ACTION ITEM
Return all the lines below exactly as written. Drop every picture.

STORED DATA
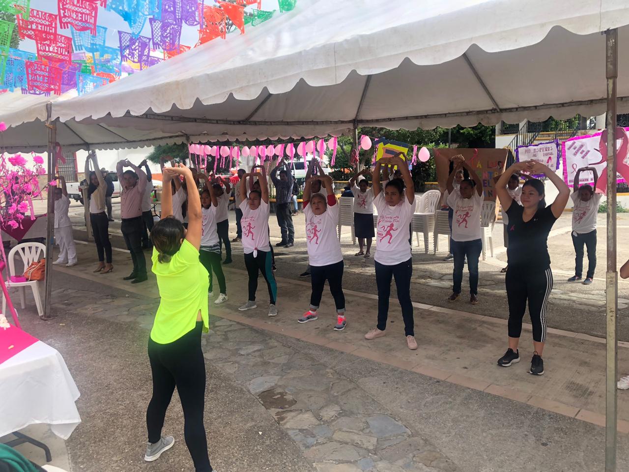 CoxcatlĂĄn, S.L.P.- En el marco por el DĂa Internacional de la Lucha Contra el CĂĄncer de Mama y por el Mes Rosa, la alcaldesa Ibeth Arenas Vidales en coordinaciĂłn con el Sistema Municipal para el Desarrollo Integral de la Familia (SMDIF) que dirige Ana Yansi HernĂĄndez Arenas llevaron a cabo una serie de conferencias, clases de sĂşper zumba y otras actividades en la Cabecera Municipal, mismas que fueron dirigidas a mujeres, pero tambiĂŠn a jĂłvenes y hombres.
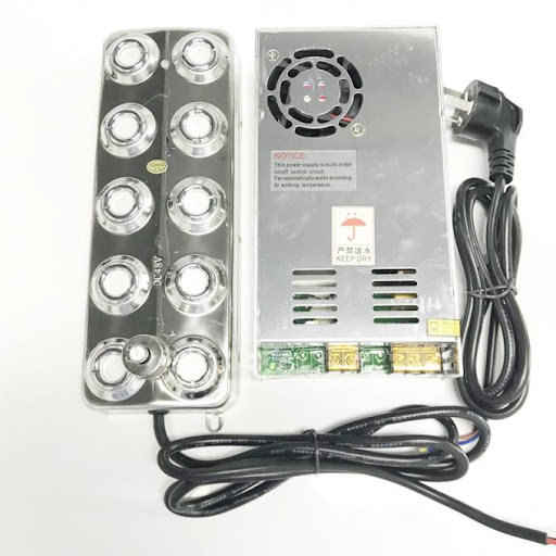 Đây chính là bộ phun sương siêu âm thông dụng mà các bạn hay bắt gặp trong cuộc sống . Tuy nhiên nếu phun bằng em bé tẹo này thì không biết bao giờ mới xong được. Do đó mà các bạn sẽ sử dụng bộ phun sương công nghiệp vỉ loại 10 mắt công suất cao . loại này hay dùng để tạo ẩm cho nhà yến cho giống điều kiện tự nhiên, để tổ yến không bị khô quá mà rớt xuống đất
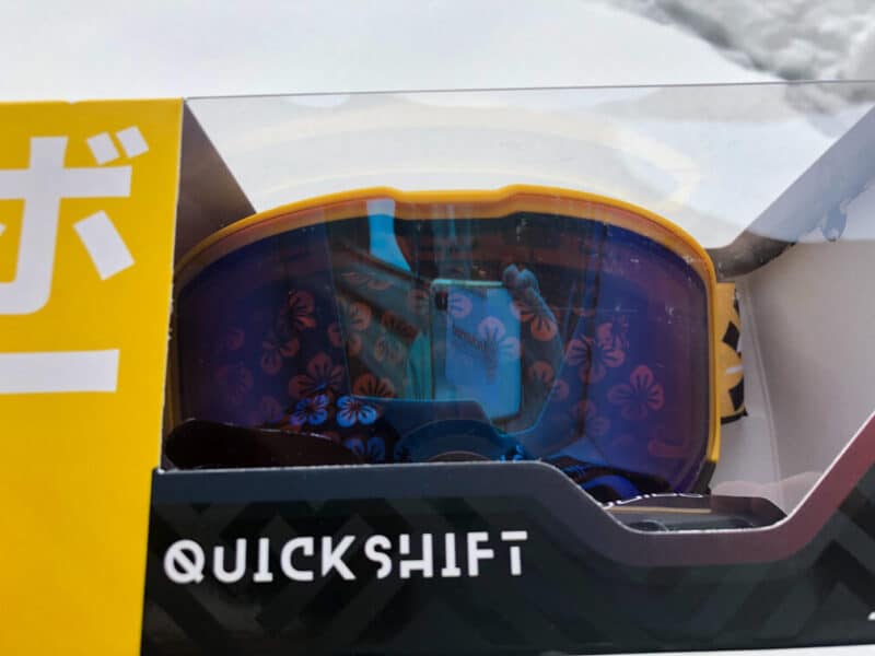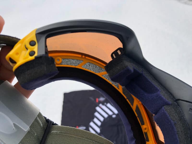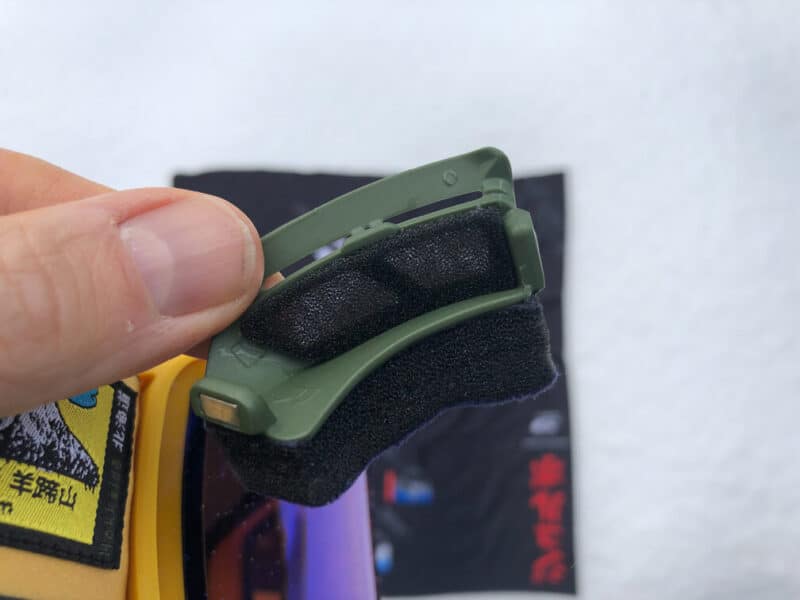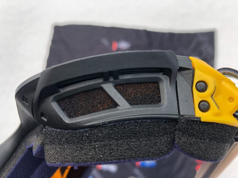 Le Julbo Quickshift Yotei possède donc une particularité : le Switch Air System. Il s’agit de deux pièces amovibles à la base de la monture. Une fois retirées, on a une grande circulation d’air dans le masque, une configuration utile en randonnée ou freerando si l’on ne veut pas conserver son masque sur le visage et ne pas sortir de solaires. Le système est assez bien pensé, les deux pièces se retirent facilement car elles sont montées sur deux petits aimants. La manipulation se fait en un clin d’œil. Remettre la partie amovible s’effectue tout aussi facilement.

RESULT BELOW
 CoxcatlĂĄn, S.L.P.- En el marco por el DĂa Internacional de la Lucha Contra el CĂĄncer de Mama y por el Mes Rosa, la alcaldesa Ibeth Arenas Vidales en coordinaciĂłn con el Sistema Municipal para el Desarrollo Integral de la Familia (SMDIF) que dirige Ana Yansi HernĂĄndez Arenas llevaron a cabo una serie de conferencias, clases de sĂşper zumba y otras actividades en la Cabecera Municipal, mismas que fueron dirigidas a mujeres, pero tambiĂŠn a jĂłvenes y hombres.
 Đây chính là bộ phun sương siêu âm thông dụng mà các bạn hay bắt gặp trong cuộc sống . Tuy nhiên nếu phun bằng em bé tẹo này thì không biết bao giờ mới xong được. Do đó mà các bạn sẽ sử dụng bộ phun sương công nghiệp vỉ loại 10 mắt công suất cao . loại này hay dùng để tạo ẩm cho nhà yến cho giống điều kiện tự nhiên, để tổ yến không bị khô quá mà rớt xuống đất
 Le Julbo Quickshift Yotei possède donc une particularité : le Switch Air System. Il s’agit de deux pièces amovibles à la base de la monture. Une fois retirées, on a une grande circulation d’air dans le masque, une configuration utile en randonnée ou freerando si l’on ne veut pas conserver son masque sur le visage et ne pas sortir de solaires. Le système est assez bien pensé, les deux pièces se retirent facilement car elles sont montées sur deux petits aimants. La manipulation se fait en un clin d’œil. Remettre la partie amovible s’effectue tout aussi facilement.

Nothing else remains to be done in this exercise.